E tem o Matheus, né? Ele tem TDAH e precisa de um cuidado diferente. O Matheus é super curioso e quer participar de tudo ao mesmo tempo. Pra ele, eu geralmente adapto as atividades pra serem mais curtas e dinâmicas. Por exemplo, quando estamos fazendo uma atividade prática em grupo, eu dou pra ele pequenas tarefas com tempo delimitado pra manter ele concentrado e engajado. Outro dia dei a ele a missão de encontrar na sala todos os objetos metálicos enquanto o resto da turma discutia sobre madeira e pedra. Isso ajuda ele a focar.

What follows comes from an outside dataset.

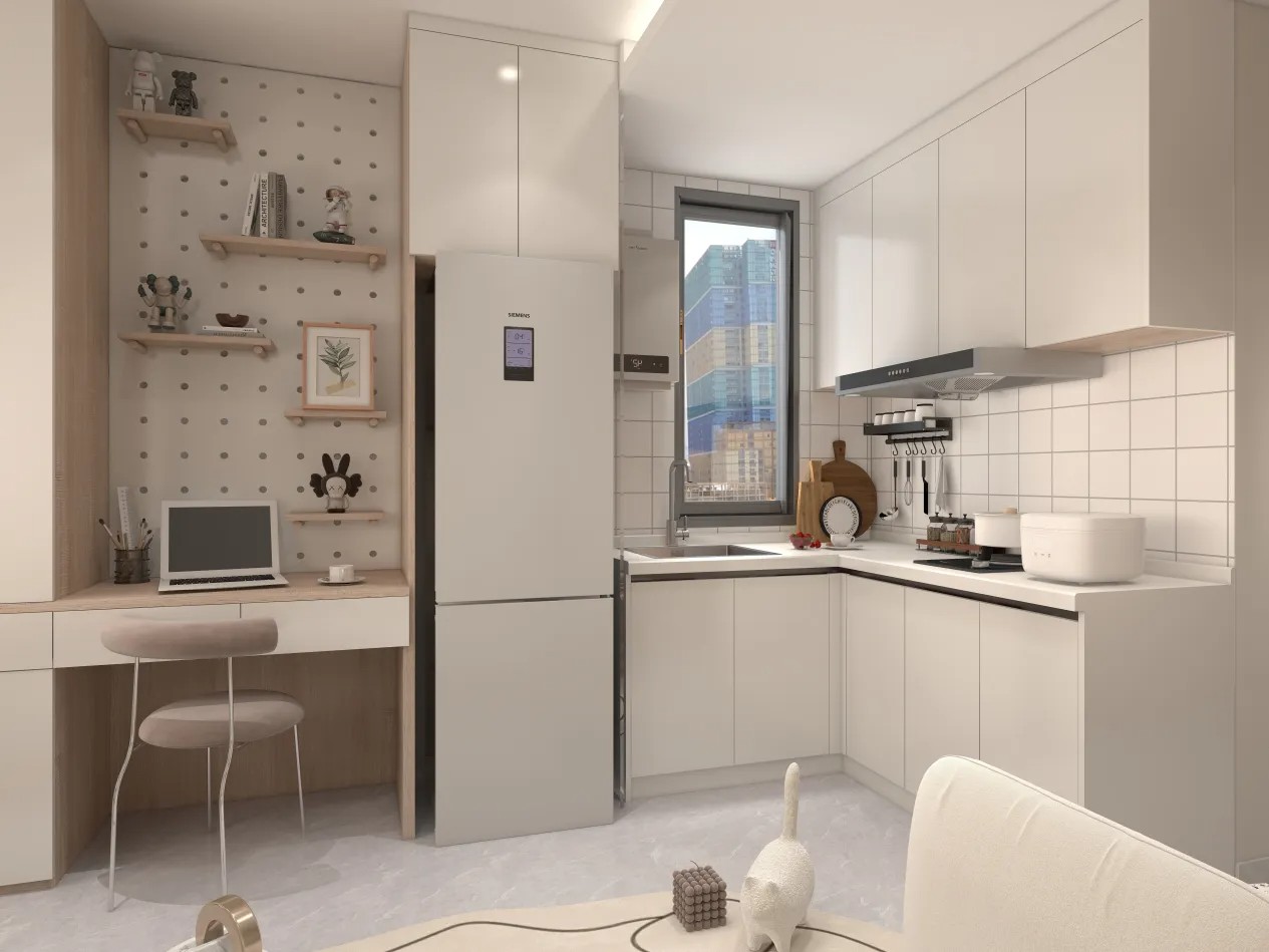 櫥柜采用白色色調(diào),主要調(diào)和整個空間。

A Clara tem TEA e reage melhor quando as atividades têm rotina e estrutura bem definidas. Pro caso dela, uso bastante material visual como cartazes com fotos dos materiais e objetos relacionados. Isso ajuda muito! Teve um dia que fizemos uma roda de conversa sobre reciclagem e trouxe cartões coloridos com imagens para ela escolher qual material poderia ser reciclado ou não. O legal foi ver ela ficando mais segura nas escolhas ao longo do tempo.

Mas olha, nem sempre sai tudo perfeito! Tentei uma vez usar um aplicativo no tablet achando que ia engajar mais o Matheus e dar opções visuais pra Clara ao mesmo tempo... Acabou virando bagunça! Eles ficaram tão entretidos com os sons e animações do app que esquecemos do principal: o conteúdo! Às vezes o simples funciona melhor.

Enfim, gente, acho muito bacana poder compartilhar isso aqui com vocês. Cada aluno é único e exige um cuidado especial da nossa parte pra aprenderem da melhor forma possível. Não é fácil não, mas é gratificante demais ver aquele brilhozinho no olho quando eles entendem algo novo.

É isso aí, pessoal! Espero poder ler as experiências de vocês também sobre como lidam com essas diferenças na sala de aula. Abraços!